O golpe militar de 1964, que resultou em 21 anos de ditadura no Brasil, completa seis décadas neste domingo. É uma data que jamais deve ser esquecida pela população, para que nunca mais se repita. Não há valor maior para uma sociedade do que a democracia. É esse sistema político que vem sendo tão questionado mundo afora que assegura os direitos individuais, a liberdade de expressão e as escolhas de cada um. Cabe ao Estado criar todas as condições para o pleno funcionamento das garantias constitucionais, não o de limitá-las.

O Brasil esteve muito próximo do retrocesso, como explicitou o fatídico 8 de janeiro de 2023. Tentou-se, naquele dia, romper o Estado Democrático de Direito, com o ataque ao coração da República. Por muito pouco um golpe não derrubou um governo eleito pela maioria dos brasileiros. Felizmente, a sociedade que preza pelas liberdades e dá o valor exato à democracia reagiu à altura e o país não sucumbiu. A resiliência das instituições permitiu que hoje se possa, mais uma vez, dar um viva à democracia.

Há, no entanto, razões de sobras para preocupação. Num mundo extremamente conturbado, é cada vez menor o número de países onde impera a democracia. As ditaduras escancaradas e as autocracias disfarçadas são maioria, sinal gravíssimo de que as lideranças que defendem as liberdades já não conseguem convencer o grosso da população dos benefícios de um regime que, mesmo imperfeito, é o que melhor protege os direitos dos cidadãos.

A batalha está sendo perdida para a desinformação, praga disseminada tanto pela extrema-esquerda quanto pela ultradireita. Há um movimento deliberado no sentido de minar os pilares da democracia.

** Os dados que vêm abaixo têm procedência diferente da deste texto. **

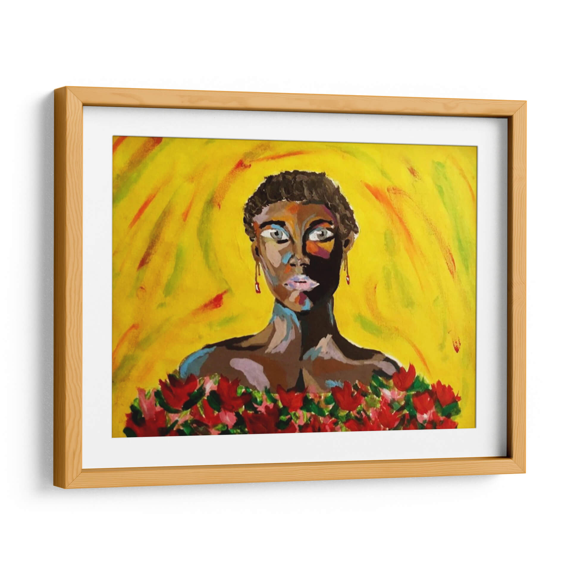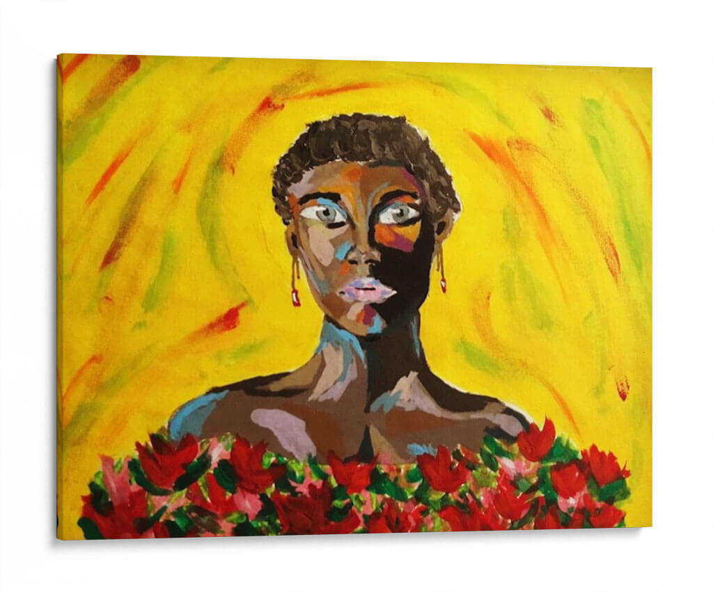 Este cautivador cuadro decorativo de "Mujer con flores" de Jimena Escobedo es una explosión de color y vida que transformará cualquier espacio. La obra presenta un retrato vibrante de una mujer con una mirada penetrante, enmarcada por un fondo abstracto de tonos amarillos intensos con pinceladas en rojo y verde que sugieren movimiento y energía. La artista ha utilizado una paleta audaz y expresiva, resaltando los contornos del rostro con contrastes de sombra y luz que le otorgan profundidad y carácter. La parte inferior de la obra se adorna con un exuberante arreglo de flores rojas, que añaden un toque de feminidad y vitalidad. El estilo artístico, que combina elementos figurativos con toques abstractos, crea una pieza dinámica y moderna, ideal para añadir un punto focal de interés en salas de estar, comedores o estudios. Este cuadro decorativo no solo embellece, sino que también evoca sentimientos de fuerza, belleza y la conexión con la naturaleza. Perfecto para quienes buscan arte contemporáneo que inspire y dialogue con su entorno, aportando personalidad y un toque de sofisticación.

Os extremistas têm se aproveitado do ressentimento provocado pela globalização. Camadas da sociedade, sobretudo a de classe média, se veem relegadas pelo Estado e vítimas das instituições democráticas. Não por acaso, tornam-se presas fáceis do populismo. Acreditam que a política tradicional é culpada por todas as mazelas que atingiram suas vidas. Embarcam no discurso fácil e palatável de autocratas, normalizando o extremismo que ataca os direitos de minorias, aqueles que pensam diferente e a separação dos Poderes. Muitos dos defensores desse modelo antidemocrático se travestem de políticos de centro para ludibriar segmentos expressivos da sociedade, inclusive, tendo como arma a religião.

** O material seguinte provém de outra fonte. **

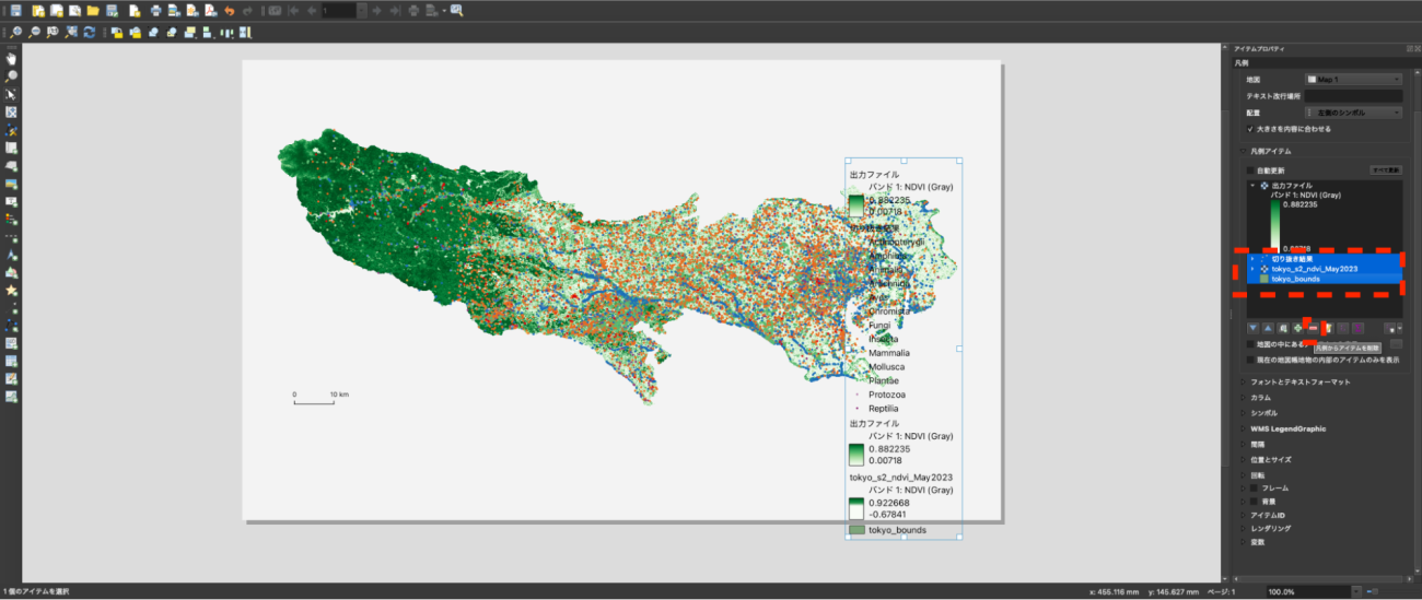 次に、凡例を追加します。左端の「凡例を追加」を選択します。ここでは、NDVIの凡例のみを編集したいので、他のレイヤ分は削除します。

Exemplos não faltam à esquerda e à direita de ditaduras e autocracias. E é preciso nominá-las pelo que são, ainda que algumas tenham a desfaçatez de realizarem eleições como se democracia fossem. Os brasileiros devem se mirar nesses casos para que jamais percam o direito ao voto livre. O poder de escolha é fundamental para um regime democrático forte.

A história está aí para comprovar que, todas as vezes em que a sociedade abriu brecha para o autoritarismo, as liberdades ruíram, com o massacre dos divergentes. Não se pode esquecer a história, especialmente quando ainda há feridas abertas, como no Brasil. Há mais de 200 desaparecidos da sangrenta ditadura, cujas famílias ainda esperam pela reparação do Estado. Certos militares continuam a ser uma sombra para a democracia, como se viu recentemente, em que muitos flertaram com a tentativa de um golpe de Estado. As instituições têm sido alvos de constantes e consistentes ataques de fake news. Os jovens, em boa parcela, simplesmente ignoram o passado e se deixam pautar pela desesperança. São fatos que precisam ser enfrentados e superados, mas com ações e argumentos consistentes e que reforcem o Estado Democrático de Direito.

O Brasil tem todas as condições de fortalecer a democracia, e deve fazê-lo com urgência e veemência, sem complacência com aqueles que propagam ideias nocivas no campo dos direitos civis e sociais. A sociedade não pode fraquejar frente a uma minoria saudosista que idealiza um passado que não existiu, de bonança e avanços. Em ditaduras e autocracias, as benesses se restringem a grupos específicos, aos vassalos do poder. É na democracia que a voz do povo se faz ouvir. Portanto, ditadura nunca mais. Um viva à democracia.